• [Source material]:
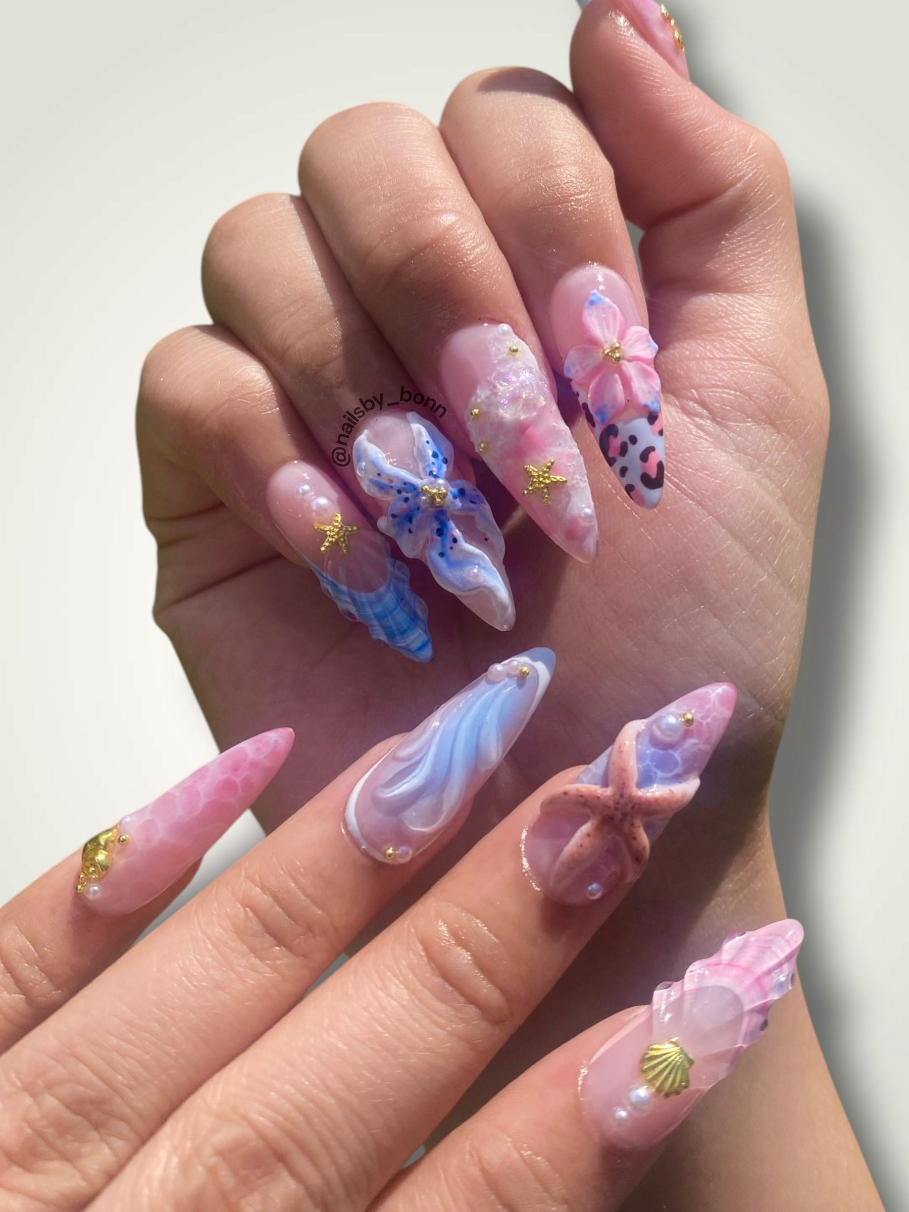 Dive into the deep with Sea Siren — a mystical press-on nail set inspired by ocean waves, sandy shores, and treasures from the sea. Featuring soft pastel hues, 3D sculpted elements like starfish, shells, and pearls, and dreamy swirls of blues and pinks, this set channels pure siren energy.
* * *
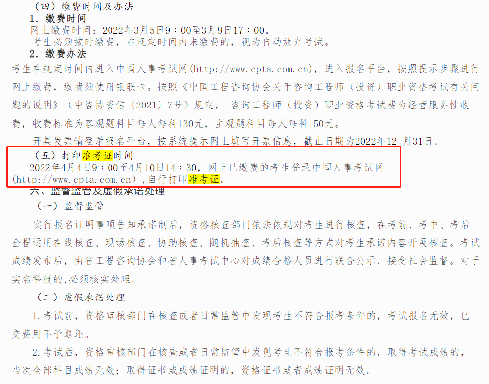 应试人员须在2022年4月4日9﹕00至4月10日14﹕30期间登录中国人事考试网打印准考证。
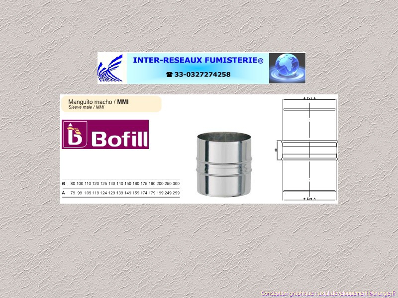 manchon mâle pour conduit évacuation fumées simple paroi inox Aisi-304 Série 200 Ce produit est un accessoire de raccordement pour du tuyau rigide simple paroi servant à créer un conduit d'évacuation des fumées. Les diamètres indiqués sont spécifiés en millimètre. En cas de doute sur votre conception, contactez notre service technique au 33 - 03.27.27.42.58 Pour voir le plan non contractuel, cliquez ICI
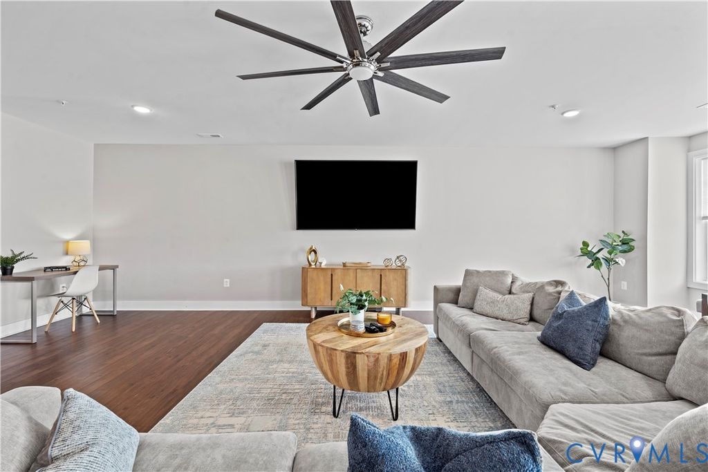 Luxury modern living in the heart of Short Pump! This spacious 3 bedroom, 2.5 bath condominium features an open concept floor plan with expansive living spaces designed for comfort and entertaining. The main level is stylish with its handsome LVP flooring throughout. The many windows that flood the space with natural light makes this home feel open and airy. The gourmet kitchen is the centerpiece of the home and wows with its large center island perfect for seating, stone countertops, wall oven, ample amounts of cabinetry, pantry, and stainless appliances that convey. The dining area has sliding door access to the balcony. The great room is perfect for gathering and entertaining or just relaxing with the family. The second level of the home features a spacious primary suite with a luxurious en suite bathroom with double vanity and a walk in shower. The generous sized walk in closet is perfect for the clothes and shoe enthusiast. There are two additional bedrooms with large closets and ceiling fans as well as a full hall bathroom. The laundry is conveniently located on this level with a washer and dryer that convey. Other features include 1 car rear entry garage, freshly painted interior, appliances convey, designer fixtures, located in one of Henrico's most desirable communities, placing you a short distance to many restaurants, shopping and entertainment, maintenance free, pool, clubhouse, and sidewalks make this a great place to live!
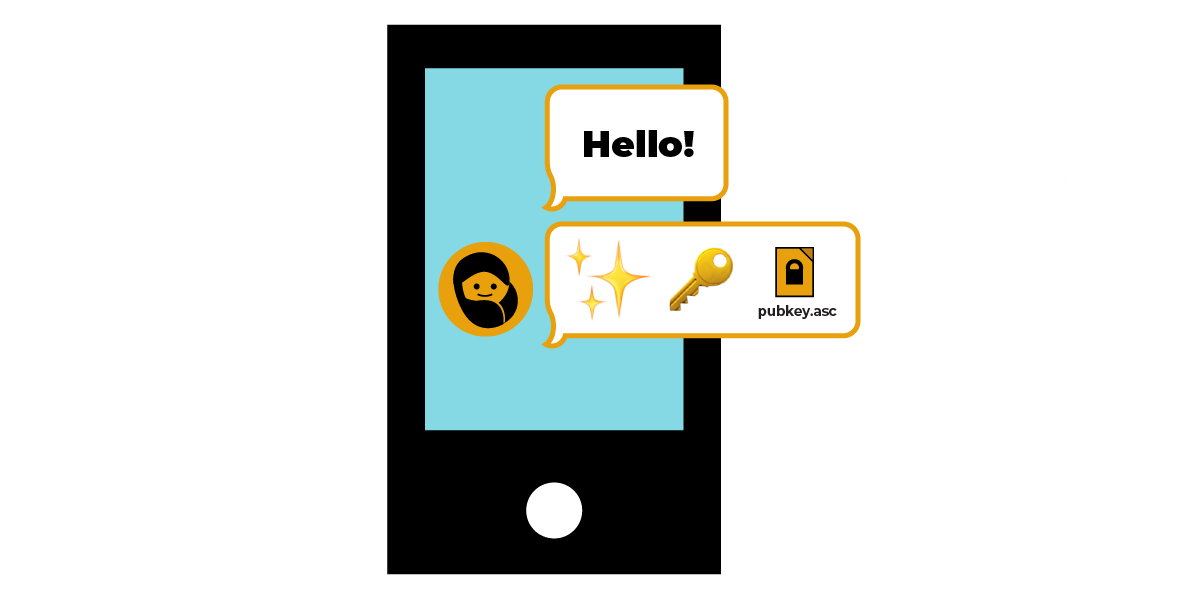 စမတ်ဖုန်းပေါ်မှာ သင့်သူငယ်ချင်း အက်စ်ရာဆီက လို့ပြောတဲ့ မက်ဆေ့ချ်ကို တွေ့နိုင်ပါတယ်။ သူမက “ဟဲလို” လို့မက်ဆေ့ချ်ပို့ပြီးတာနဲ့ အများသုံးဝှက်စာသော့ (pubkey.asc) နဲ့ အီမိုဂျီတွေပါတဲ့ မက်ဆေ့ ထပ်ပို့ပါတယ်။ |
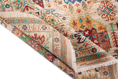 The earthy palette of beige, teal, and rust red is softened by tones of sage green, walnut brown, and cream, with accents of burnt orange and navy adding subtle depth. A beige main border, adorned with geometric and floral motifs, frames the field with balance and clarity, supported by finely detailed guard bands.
...
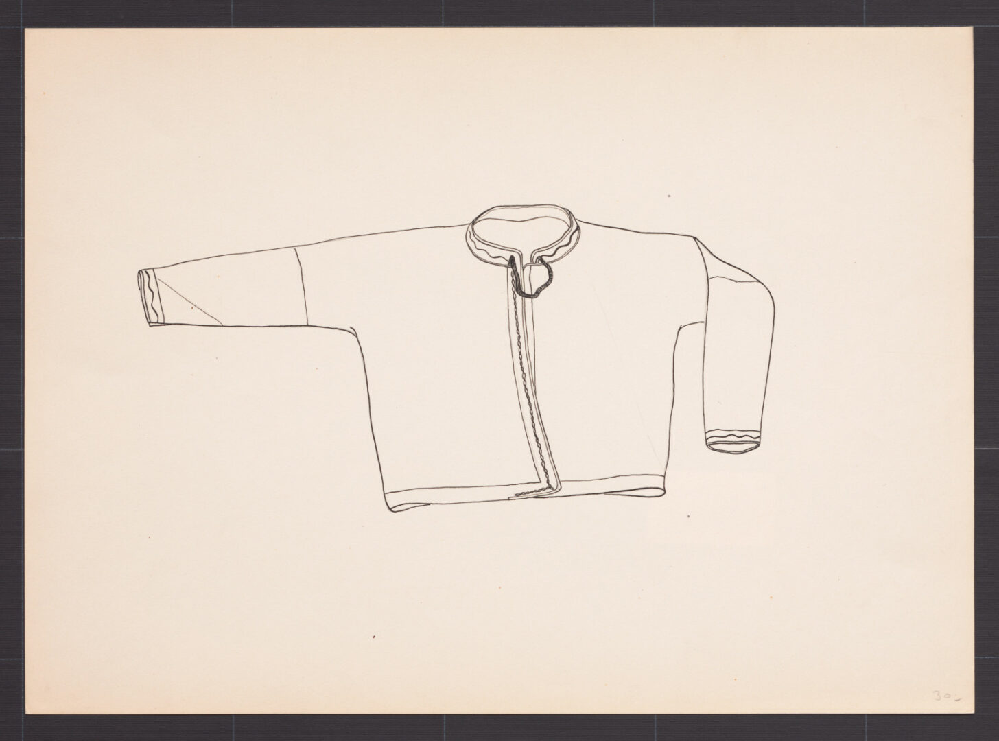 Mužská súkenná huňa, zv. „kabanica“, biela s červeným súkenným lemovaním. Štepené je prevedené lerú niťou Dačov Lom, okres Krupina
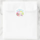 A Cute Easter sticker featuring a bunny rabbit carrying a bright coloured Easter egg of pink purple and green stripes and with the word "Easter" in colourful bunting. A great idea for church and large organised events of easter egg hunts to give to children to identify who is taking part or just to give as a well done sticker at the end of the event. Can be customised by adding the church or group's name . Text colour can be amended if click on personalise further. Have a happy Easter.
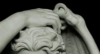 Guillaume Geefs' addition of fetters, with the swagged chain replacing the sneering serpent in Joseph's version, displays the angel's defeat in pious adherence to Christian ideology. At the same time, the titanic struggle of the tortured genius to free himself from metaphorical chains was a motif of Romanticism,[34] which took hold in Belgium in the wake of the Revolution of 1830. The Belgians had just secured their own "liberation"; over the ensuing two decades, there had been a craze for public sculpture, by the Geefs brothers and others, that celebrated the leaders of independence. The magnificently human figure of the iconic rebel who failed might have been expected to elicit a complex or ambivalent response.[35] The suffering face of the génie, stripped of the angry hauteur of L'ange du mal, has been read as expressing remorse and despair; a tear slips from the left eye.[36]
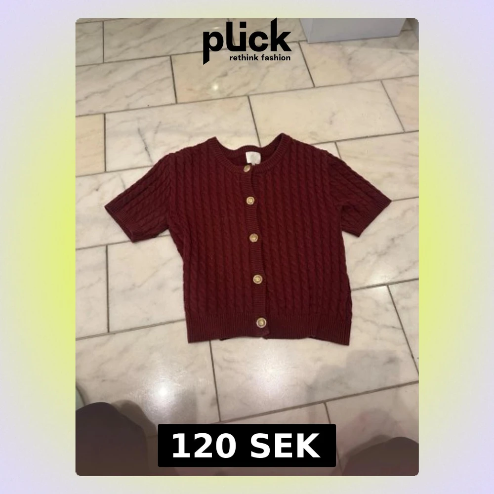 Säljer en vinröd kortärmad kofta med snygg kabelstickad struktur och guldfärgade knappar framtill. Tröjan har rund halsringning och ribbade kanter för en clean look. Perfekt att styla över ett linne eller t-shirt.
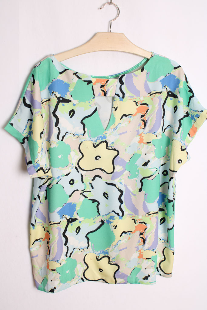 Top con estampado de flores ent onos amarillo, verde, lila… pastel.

• [Exercise goal]:
Pictures aside, return exactly the lines from the data above, starting at the line that has "စမတ်ဖုန်းပေါ်မှာ သင့်သူငယ်ချင်း အက်စ်ရာဆီက" and ending at the line that has "The earthy palette", both included.

• [Solution below]:
 စမတ်ဖုန်းပေါ်မှာ သင့်သူငယ်ချင်း အက်စ်ရာဆီက လို့ပြောတဲ့ မက်ဆေ့ချ်ကို တွေ့နိုင်ပါတယ်။ သူမက “ဟဲလို” လို့မက်ဆေ့ချ်ပို့ပြီးတာနဲ့ အများသုံးဝှက်စာသော့ (pubkey.asc) နဲ့ အီမိုဂျီတွေပါတဲ့ မက်ဆေ့ ထပ်ပို့ပါတယ်။ |
 The earthy palette of beige, teal, and rust red is softened by tones of sage green, walnut brown, and cream, with accents of burnt orange and navy adding subtle depth. A beige main border, adorned with geometric and floral motifs, frames the field with balance and clarity, supported by finely detailed guard bands.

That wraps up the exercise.